Today we are going to see how to realize custom controls to add to our Google maps powered map.

The only concept that should be clear, in order to achive the goal, is what prototype is and why we must use it.

Javascript is not a really object oriented language, so we can’t really talk about classes and subclassing (using extends like in Java or Actionscript), but however we can create functions that act as constructor for new js objects, and we can inherit properties from an object to another by using the prototyping technique.

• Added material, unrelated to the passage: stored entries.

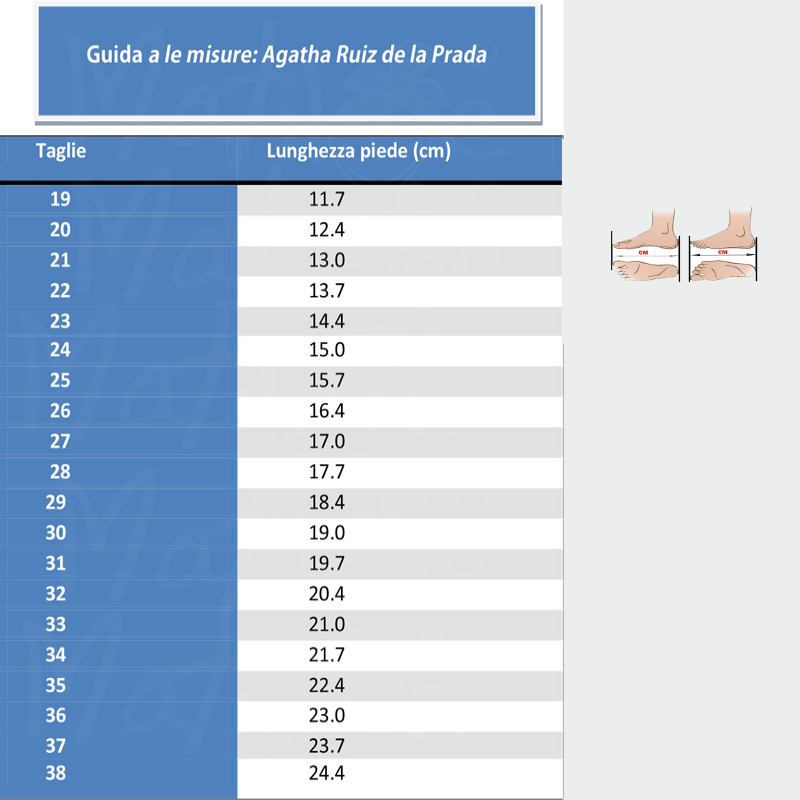 Agatha Ruiz de la Prada Art : 121951, scarpe parla di stile e glamour versione bambina: ecco che le scarpe diventano il must della moderna principessa, con strass e fili metallizzati, abbinati ad applicazioni di cuoricini in velluto o stelle impreziosite da glitter. Per le bambine dallo stile più rock, ecco comparire anche teschi e chitarre elettriche, per una linea di calzature.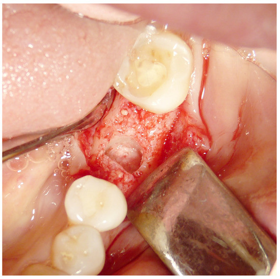 - Minetti, E.; Taschieri, S.; Corbella, S. Autologous Deciduous Tooth-Derived Material for Alveolar Ridge Preservation: A Clinical and Histological Case Report. Case Rep. Dent. 2020, 2020, 2936878. [Google Scholar] [CrossRef] [PubMed]
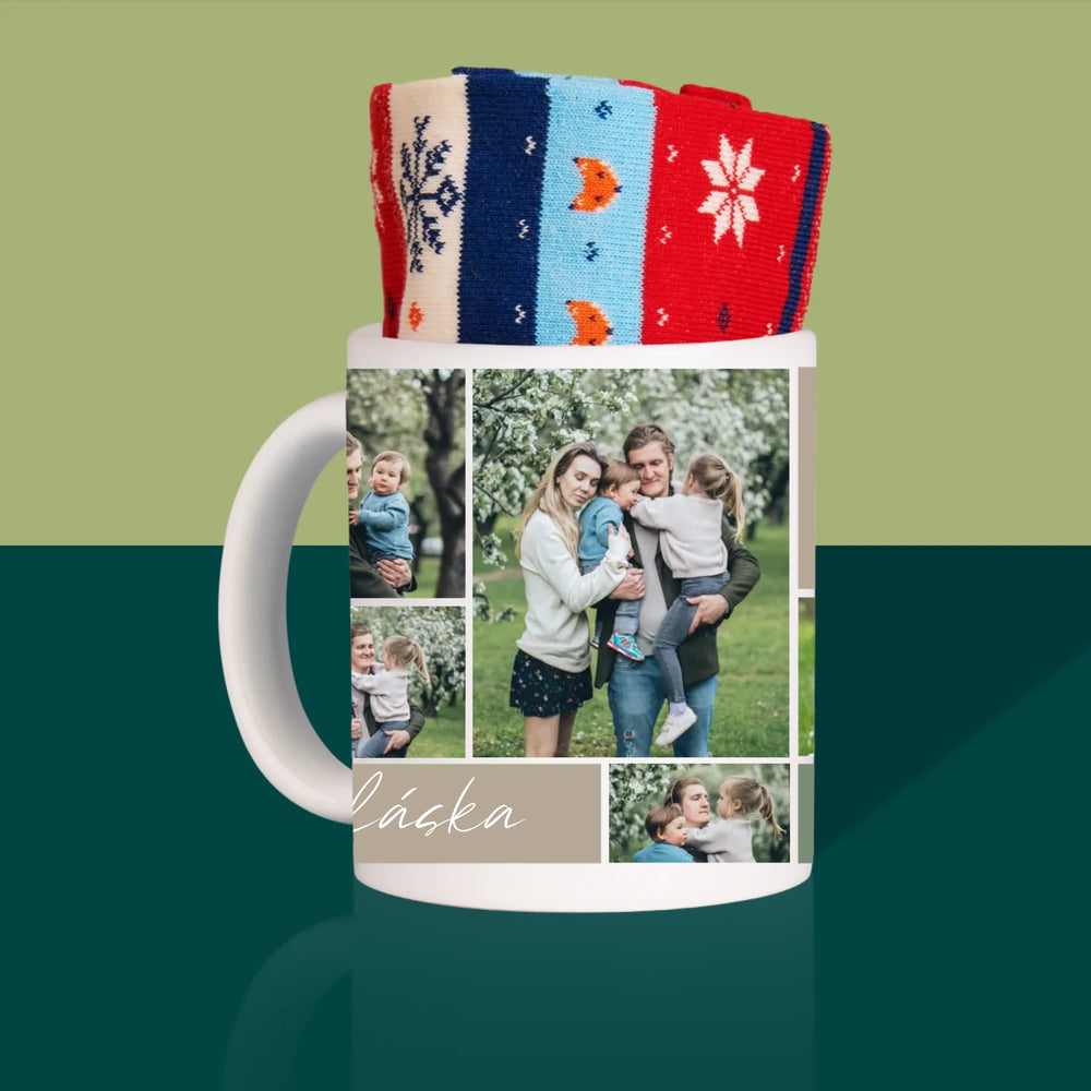 Fotokoláž: Rodinná Koláž Z Fotek - Zimní ponožky v hrnku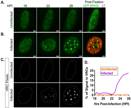 VRC dynamics during live cell microscopy. GFP-RPA32-expressing cells were infected for 18 h and then imaged every 10 min from 18–26 h post-infection (HPI). At 26 HPI, cells were fixed and processed for immunofluorescence microscopy of LT. Representative (A) uninfected (LT-negative) and (B) infected (LT-positive) cells at 18, 22, and 26 HPI, as well as post-fixation (GFP-RPA32 = green, LT = red). Scale bar = 5 μm. (C) Focal pixels were identified for each frame in (A,B) based on GFP-RPA32 signal. Pixels with intensity values > 1.5× higher than the mean signal intensity of a single nucleus within each frame were defined as “VRC pixels.” The dotted white line in each image denotes the nuclear border (Figure S2A). (D) The integrated signal density of VRC-associated pixels was divided by the integrated signal density of the whole nucleus to calculate “% of Signal in VRCs” values. The % of Signal in VRCs values are shown for the uninfected (orange trace) and infected (violet trace) cells shown in (A) and (B), respectively, between 18–26 HPI.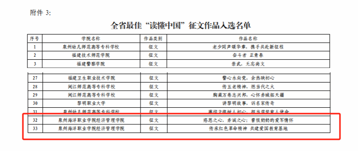 (新闻中心讯 校关工委供稿 校党委宣传部报道)近日,福建省教育系统关工委公布了2023年我省高校参加“读懂中国”活动入选作品名单。我校关工委荣获全省“优秀组织奖”,经济管理学院选送的《感恩之心,赤诚之心:曾...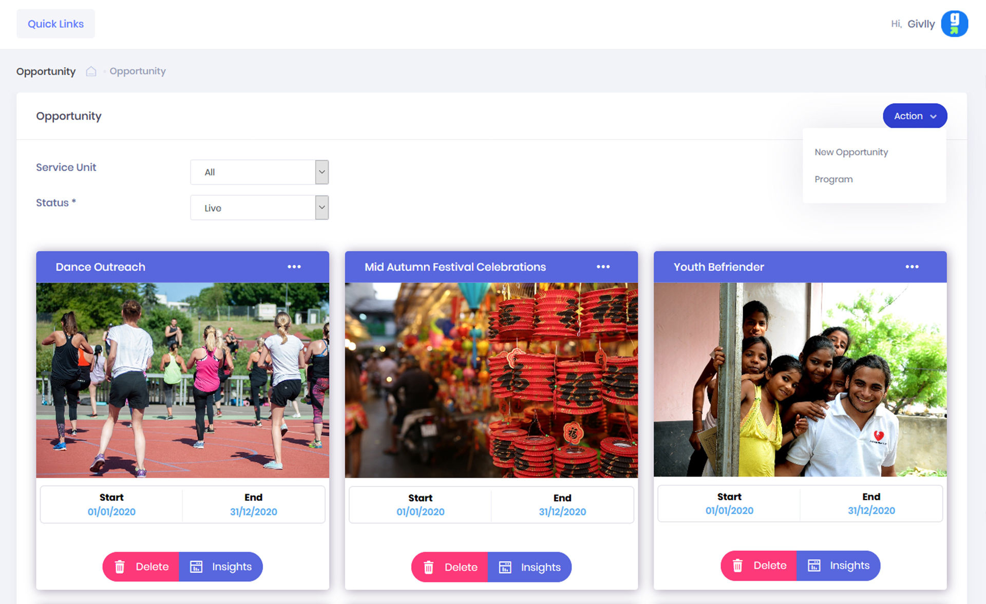- The Opportunity Dashboard will give you an overview of the volunteering events information.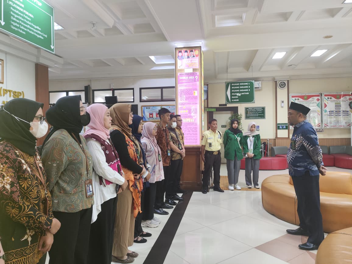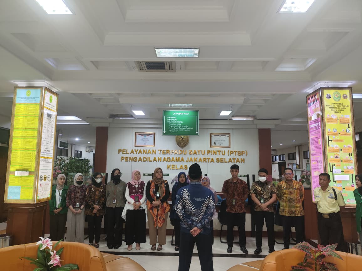 Panitera Pengadilan Agama Jakarta Selatan, Didin Jamaludin, S.H., M.H., memimpin kegiatan briefing pagi rutin bersama seluruh petugas pelayanan di ruang pelayanan terpadu satu pintu (PTSP).
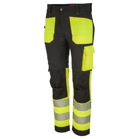 Férfi sztreccs munkanadrág, amely megfelel az 1-es osztályú láthatósági követelményekre vonatkozó szabványnaknagyon erős, ellenálló anyag, ülep- és ágyékrészen rendkívül rugalmasa térdek nagyobb igénybevételnek kitett részei Cordura 500D anyaggal megerősí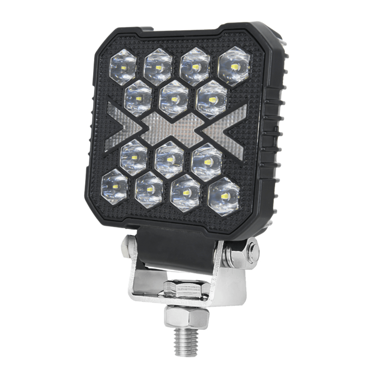 52 W. CISPR25 CLASS 4. IP68. Lumens théorique : 5 200. Lumens pratique : 4 160, Faisceau éclairage large 9-32 V. Dimensions : 110 x 127 x 32 mm. Corps en aluminium. Livré avec câble type Deutsch 40 cm.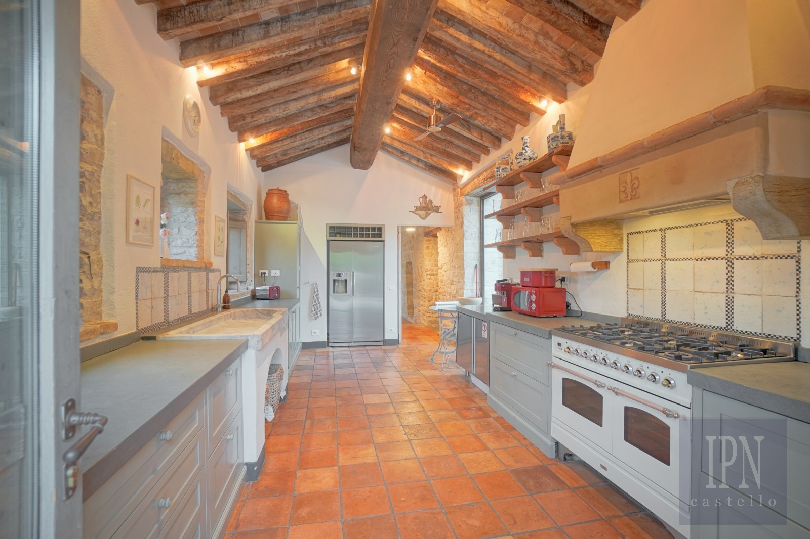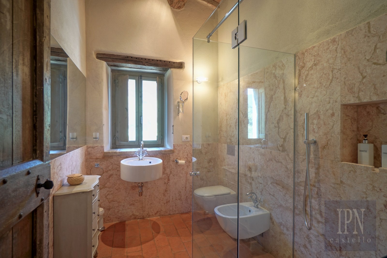 The restored farmhouse of 340 square meters accommodates up to fourteen family and friends, five bedrooms with en-suite bathrooms, two single bedrooms and one double bedroom sharing a bathroom. Each room combines rustic character with elegant design stone walls, reclaimed terracotta floors and beamed ceilings giving a warm peaceful atmosphere. Several bedrooms enjoy private terraces with panoramic views. One of the ground floor suites is designed for disabled access another with a free-standing bath and the principal bedroom with a fireplace and private terrace. All six double bedrooms and the kitchen are air-conditioned. The entrance to the farmhouse boasts a feature stone flying staircase to the lower and upper floor with arches and a brick vaulted ceiling.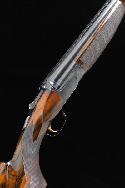 32-inch monobloc barrels with 2 3/4-inch chambers about 1/2 and 3/4 choke borings, machined ventilated rib, the plain blacked frame with border decoration, the maker's name signed in gold on the action base, gold plated trigger adjustable for reach, detachable trigger block, 15-inch well figured stock with pistol grip, 8lb. 5oz., Italian nitro proof, in its maker's case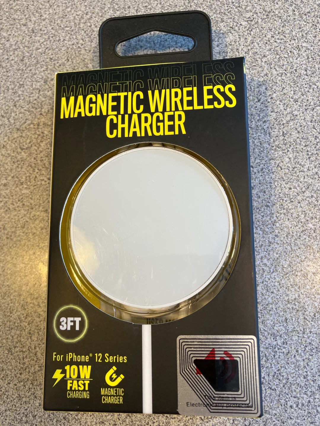 This magnetic wireless charger offers 10W fast charging for iPhone 12 series devices. It features strong and safe magnetic connectors and requires a USB-C enabled power source. It's compatible with iPhone 8 and newer Qi-enabled devices. Includes charger and instructions.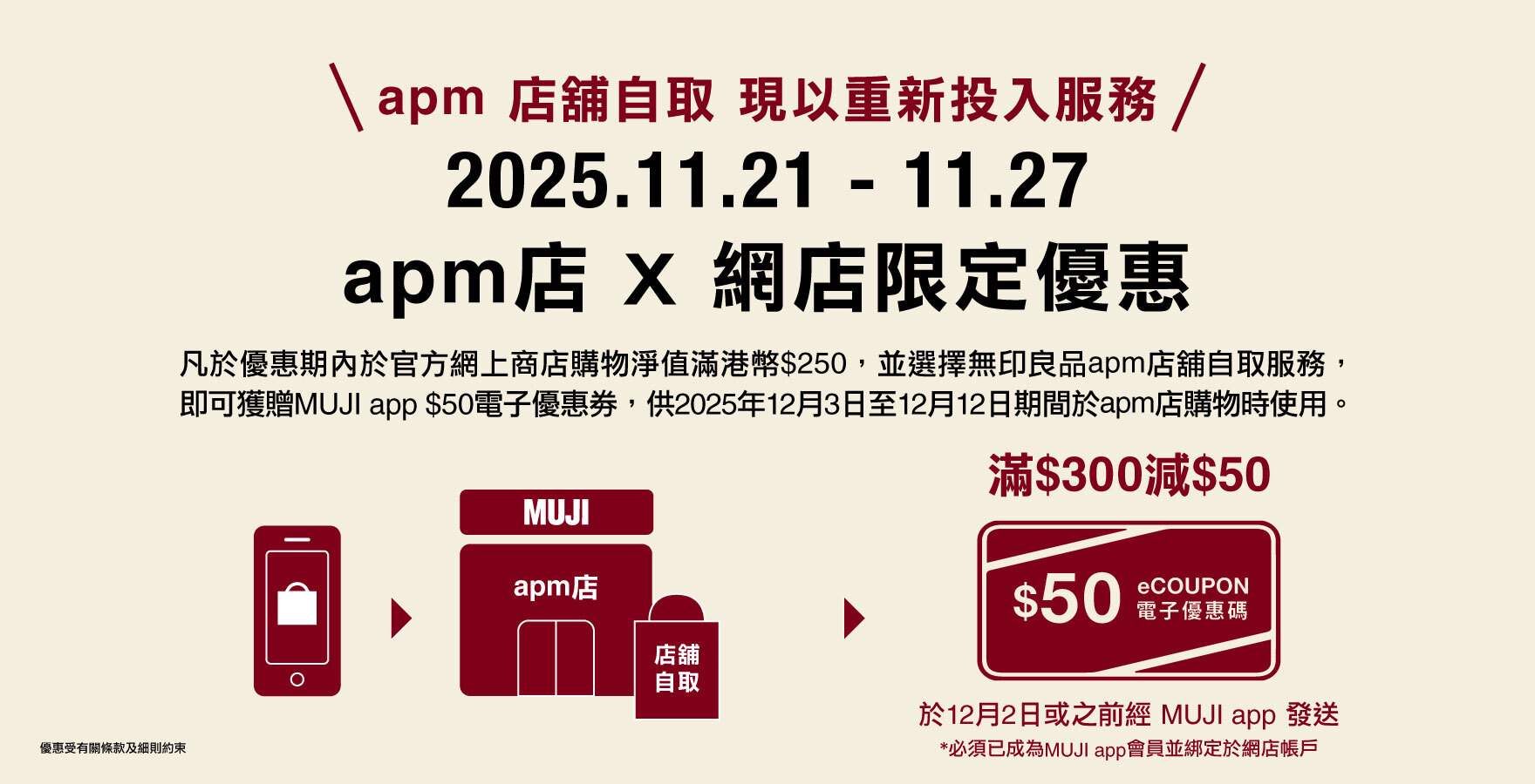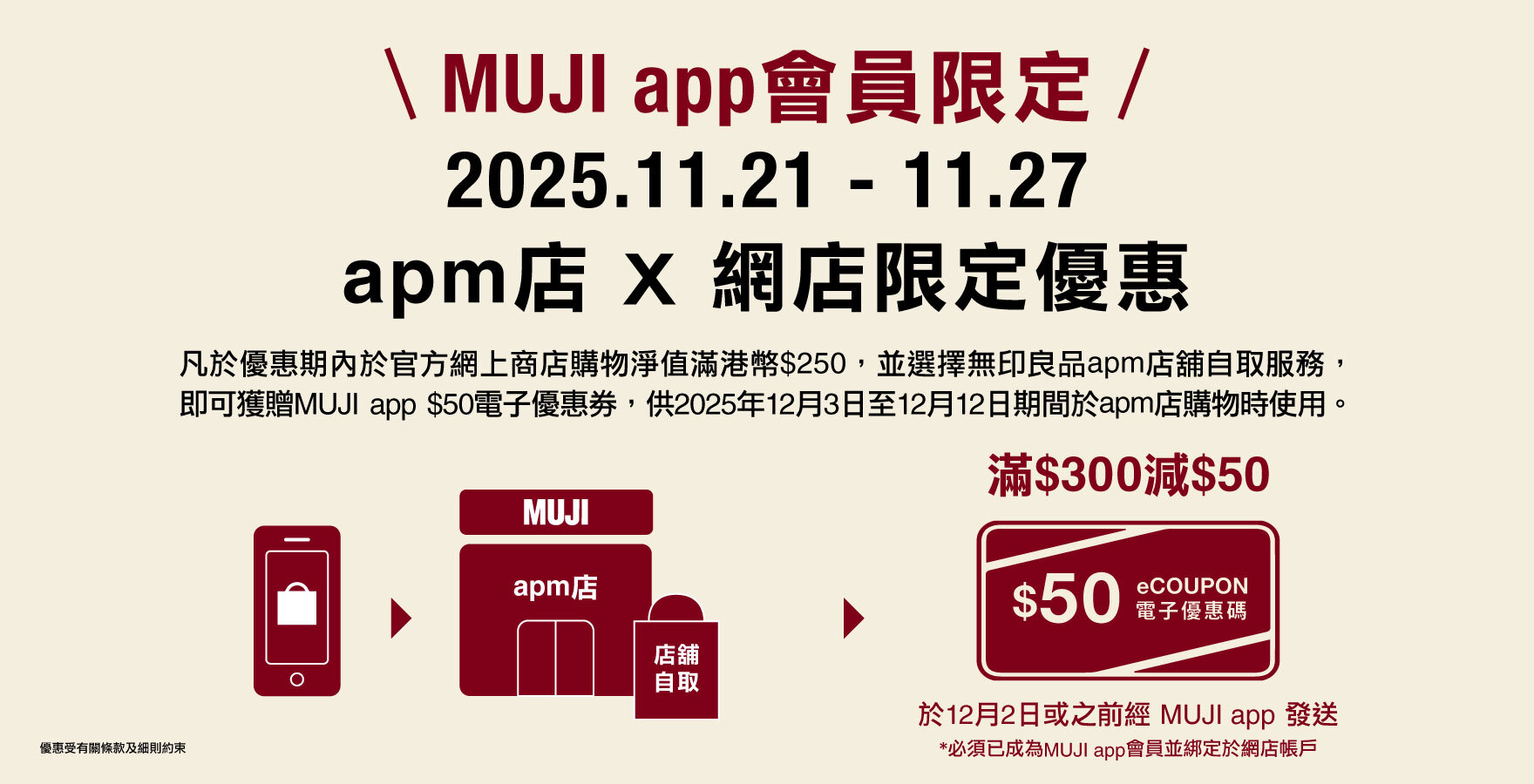 於11月21日至27日於官方網上商店購物淨值滿港幣$250,並選擇無印良品apm廣場店舖自取服務,即可獲贈MUJI app $50電子優惠劵,供2025年12月3日至12月12日期間於apm店購物時使用。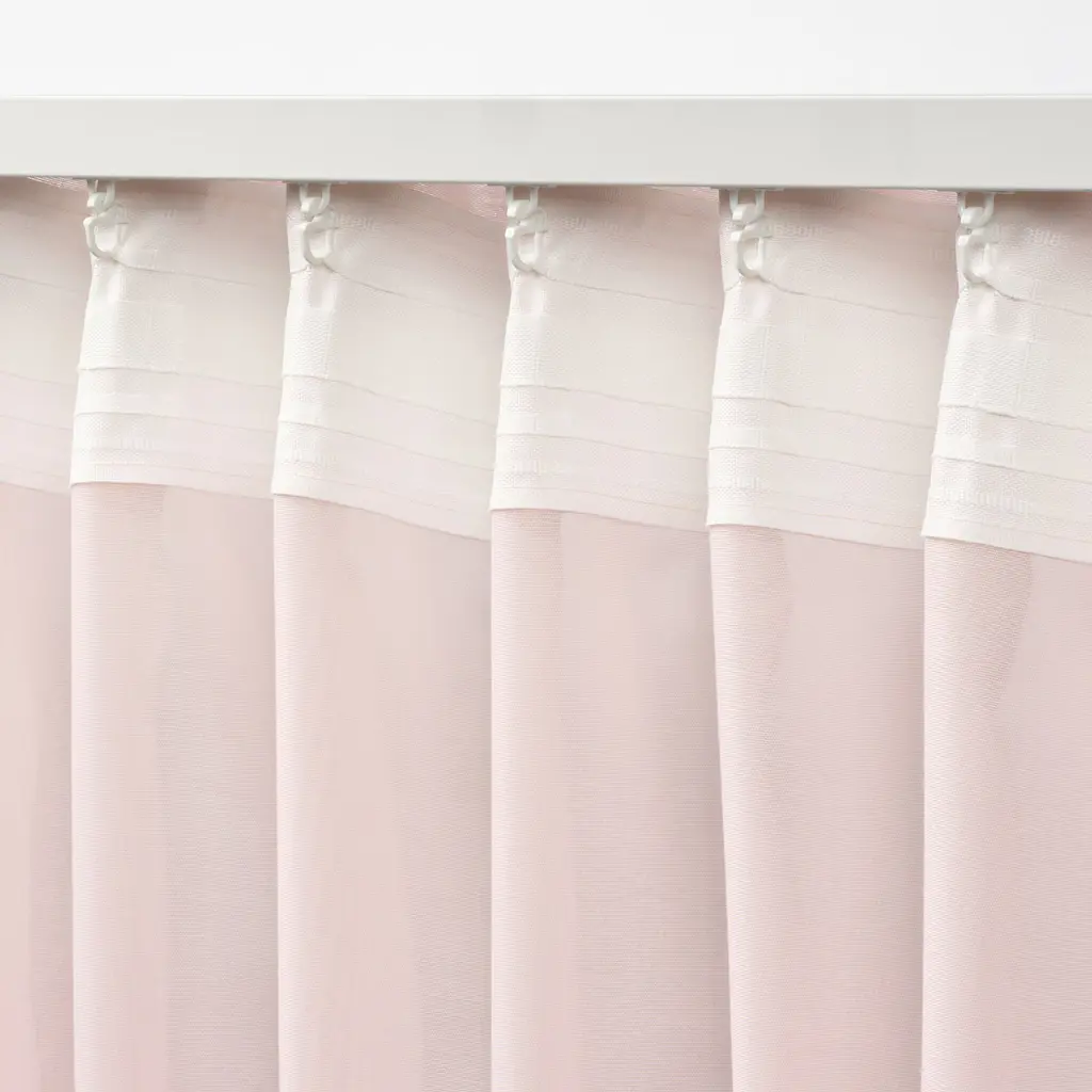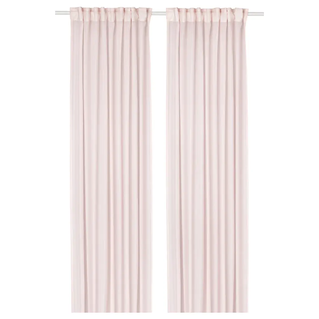 STENFRÖ Sheer curtains, 1 pair - pink/with heading tape 57x98 ". The sheer fabric diffuses daylight and softens glare on TV/screens. You are connected to the world outside and feel a sense of privacy during the day. Ideal for layered solutions with curtains or blinds. Curtains, 1 pair included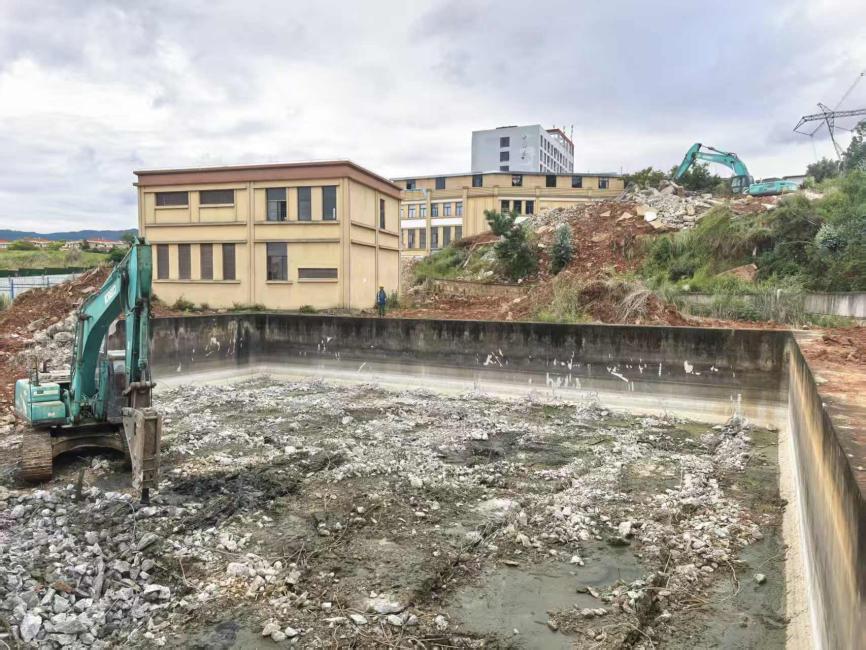 9月22日,1标段—绘锦苑4号、5号学生公寓及其附属工程露天蓄水池拆除。

Let’s consider a simple Javascript constructor function, that can be used to create an Animal object:

function Animal(name, age, sex) {
    this.name = name;
    this.age = age;
    this.sex = sex;

    this.getInfo = function() {
        alert("Name: " + this.name + "\nAge: " + this.age + "\nSex: " + this.sex);
    }
}

To extend the Animal class with a Dog class, we have to define the Dog constructor:

function Dog(name, age, sex, barkPower) {

    Animal.apply(this, arguments);

    this.barkPower = barkPower;

    this.bark = function() {

        var barkBuffer = [this.name, " says: "];

        for (var i=0; i<this.barkPower; i++) {
            barkBuffer.push("bark! ");
        }

        alert(barkBuffer.join(""));

    }

}

and then prototyping it in this way:

Dog.prototype = new Animal();

The Animal.apply() call inside Dog, is like to use super() in Java to call the SuperClass constructor.
Now our Dog has the same methods and properties of Animal, for example we can use the getInfo() method, in addition to bark():

var laika = new Dog("Laika", 5, "F", 8);
laika.getInfo();
laika.bark();

Now, let’s put the prototyping technique in practice, in order to create a custom control for our map.
The Javascript class that represents a google map’s control is GControl, so if we want to make something of us own, we must extend that class. Furthermore we have to implements at least 2 methods: initialize() and getDefaultPosition(), in practice the GControl is to be considered an interface.
The first method, must add a DOM node (a graphic button or whatelse represents our control) to the map and return it (with return), the second must return an instance of GControlPosition which is used to place the DOM node (our control) in the right position.
Our goal is to create a custom map navigation (ie: move to north, move to south, move to east and move to west), so we will create 4 js classes that will extend GControl and implements the 2 methods. We call these classes respectively: GoUpButton, GoDownButton, GoLeftButton and GoRightButton .
Let’s see how GoUpButton is structured and how it works (others buttons will differ only for their position and click handler):

function GoUpButton(map) {

    this.map = map;
    this.button = document.createElement("a");

}

The function above, is the GoUpButton‘s constructor, and as you can see it takes one argument: map, that is a reference to the map’s instance, then it creates an <a> tag that will be our clickable button.
The next step is to extend GControl:

GoUpButton.prototype = new GControl();

Now, let’s implement the initialize() method:

GoUpButton.prototype.initialize = function() {

    var map = this.map;

    this.button.className = "custom_nav_top";
    this.button.href = "javascript:;";
    this.button.title = "Move the map to the top";
    this.button.innerHTML = "N";

    GEvent.addDomListener(this.button, "click", function() {
        map.panBy(new GSize(0, 100));
    });

    map.getContainer().appendChild(this.button);

    return this.button;

}

In this method we define the CSS class for the button, set its href attribute to “javascript:;” to ensure it won’t reload the page (is not necessary, but I feel more secure by doing it), set its title attribute and its innerHTML (in this case an N, which stands for North). Then we add an (anonymous) event listener that will be triggered when the user will click the button. This listener will invoke the map’s panBy() method, which moves the map by a specific distance by using an animation. The distance is represented by an instance of GSize, which is essentially a virtual polygon, which dimension are expressed with the two parameters width and height. So with new GSize(0, 100), we will move the map 100 pixels to the top (y axis).
The last two steps in the method are add the node to the DOM (by using map’s getContainer() method, which returns the node containing the map) and returns it.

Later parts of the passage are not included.